Zhi-Han Li scite author profile

FAM83A (family with sequence similarity 83, member A) has been found to be highly expressed in cancers. The purpose of this study was to clarify the role and mechanism of FAM83A in lung cancers. The expression of FAM83A in lung cancer cells was enhanced by gene transfection or knocked down by small interfering RNA interference. The key proteins of the Wnt signaling pathway, the Hippo signaling pathway, and epithelial-mesenchymal transition (EMT) were examined using Western blot. The proliferation and invasion of lung cancer cells were examined using cell proliferation, colony formation, and invasion assays. The expression of FAM83A in lung cancer tissues was significantly increased and was correlated with advanced tumor-node-metastasis (TNM) stage and poor prognosis. Overexpression of FAM83A enhanced the proliferation, colony formation, and invasion of lung cancer cells. Meanwhile, FAM83A overexpression increased the expression of active β-catenin and Wnt target genes and the activity of EMT. Furthermore, in FAM83A-overexpressed cells, the activity of Hippo pathway was downregulated, whereas the expression of yes-associated protein (YAP) and its downstream targets cyclin E and CTGF were upregulated.
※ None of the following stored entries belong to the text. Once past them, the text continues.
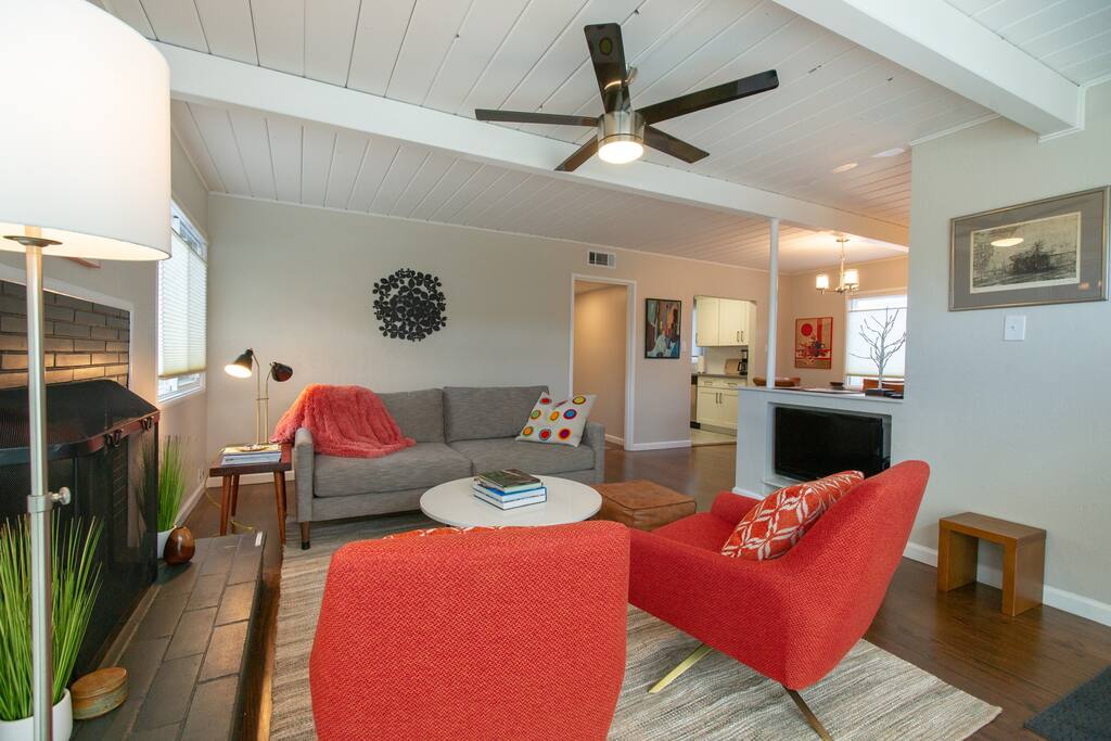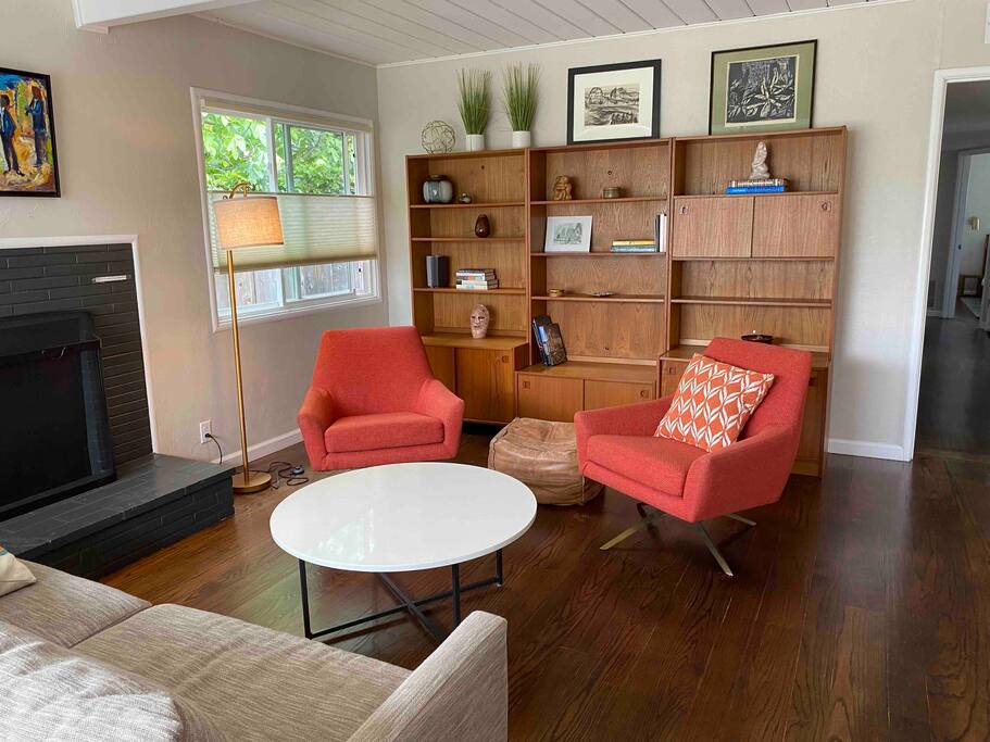 My recently renovated home was built in 1951, reminiscent of mid-century architecture including a wood plank, tongue and groover ceilings and beautiful hardwood floors. The built-in TV shelf was formerly a 2 ft high brick flower box in the middle of the living room complete with soil, leaves and drainage prior to be being repurposed for a TV. You'll find high quality furnishings, bedding, bathroom linens, full kitchenware, spices, appliances and glassware for evening cocktails.
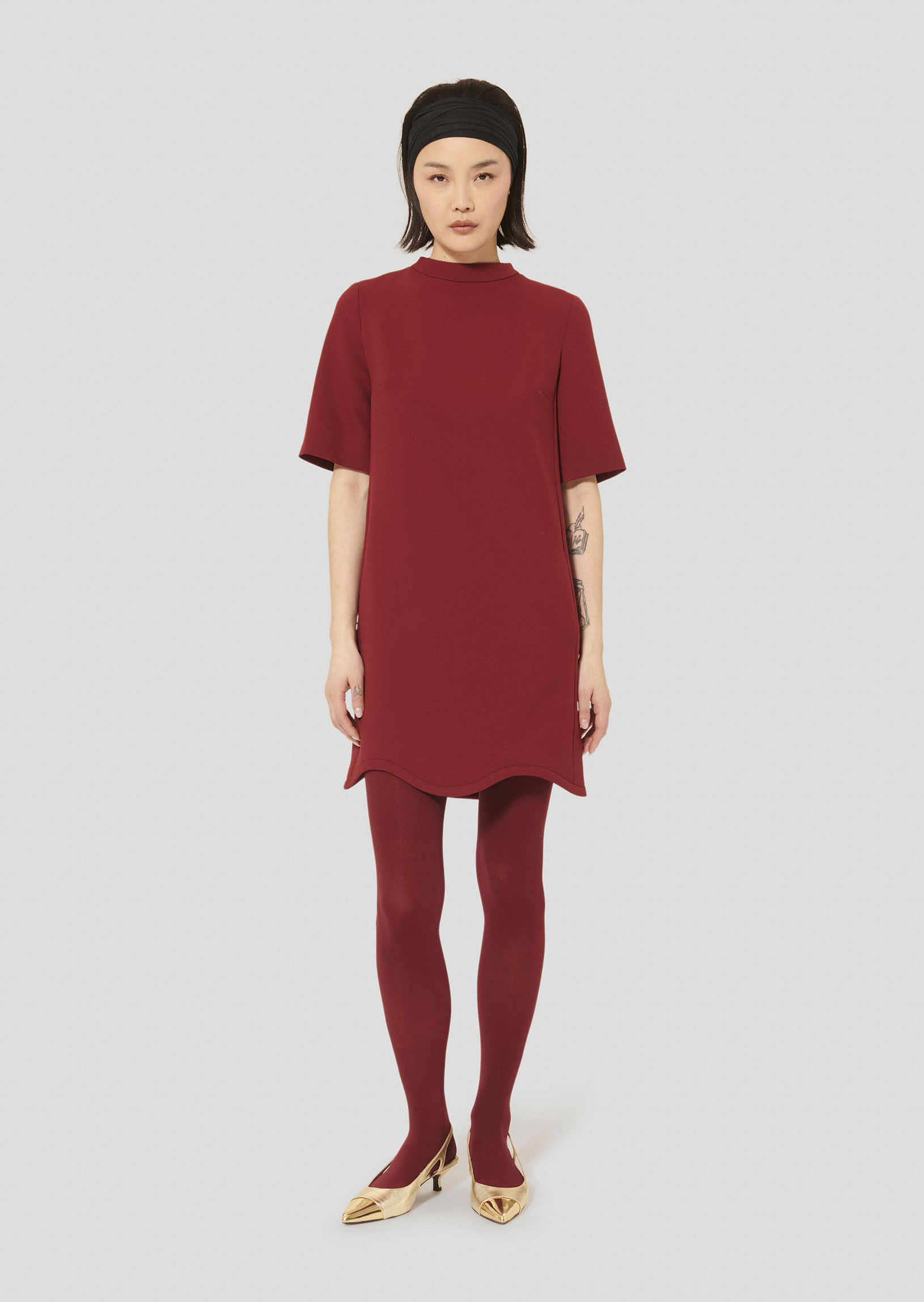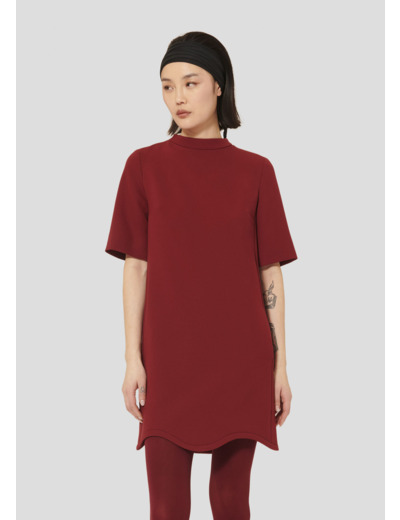Cette courte robe bordeaux en toile double possède un petit col montant et des manches courtes. Sa touche so Tara est apportée par sa finition festonnée lui donnant un esprit preppy.
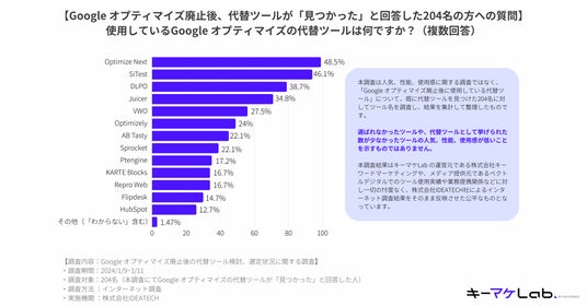 株式会社 キーワードマーケティング株式会社キーワードマーケティング(本社:東京都中央区、代表取締役:滝井 秀典、以下「キーワードマーケティング」)が展開するメディア「キーマケLab(読み:キーマケラボ)」は、過去5年以内にGoogleオプティマイズの利用経験がある日本在住の20歳以上の方527名を対象に「Googleオプティマイズ廃止後の代替ツール検討および選定状況に関する調査」を実施いたしました。
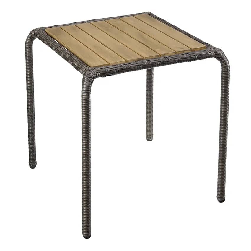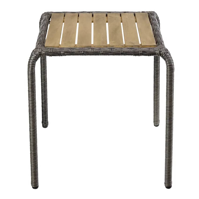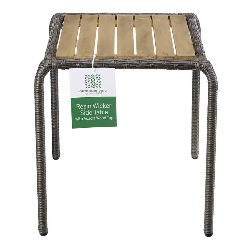 Outdoor Living Resin Wicker SIde Table with Acacia Wood Top

The inhibitor of the Wnt signaling pathway, XAV-939, reversed the promoting effect of FAM83A on YAP, cyclin E, and CTGF. On knocking down the expression of FAM83A, we obtained the opposite results. However, the inhibitor of GSK3β, CHIR-99021, restored the expression of YAP, cyclin E, and CTGF after FAM83A was knocked down. FAM83A is highly expressed in lung cancers and correlated with advanced TNM stage and poor prognosis. FAM83A promotes the proliferation and invasion of lung cancer cells by regulating the Wnt and Hippo signaling pathways and EMT process.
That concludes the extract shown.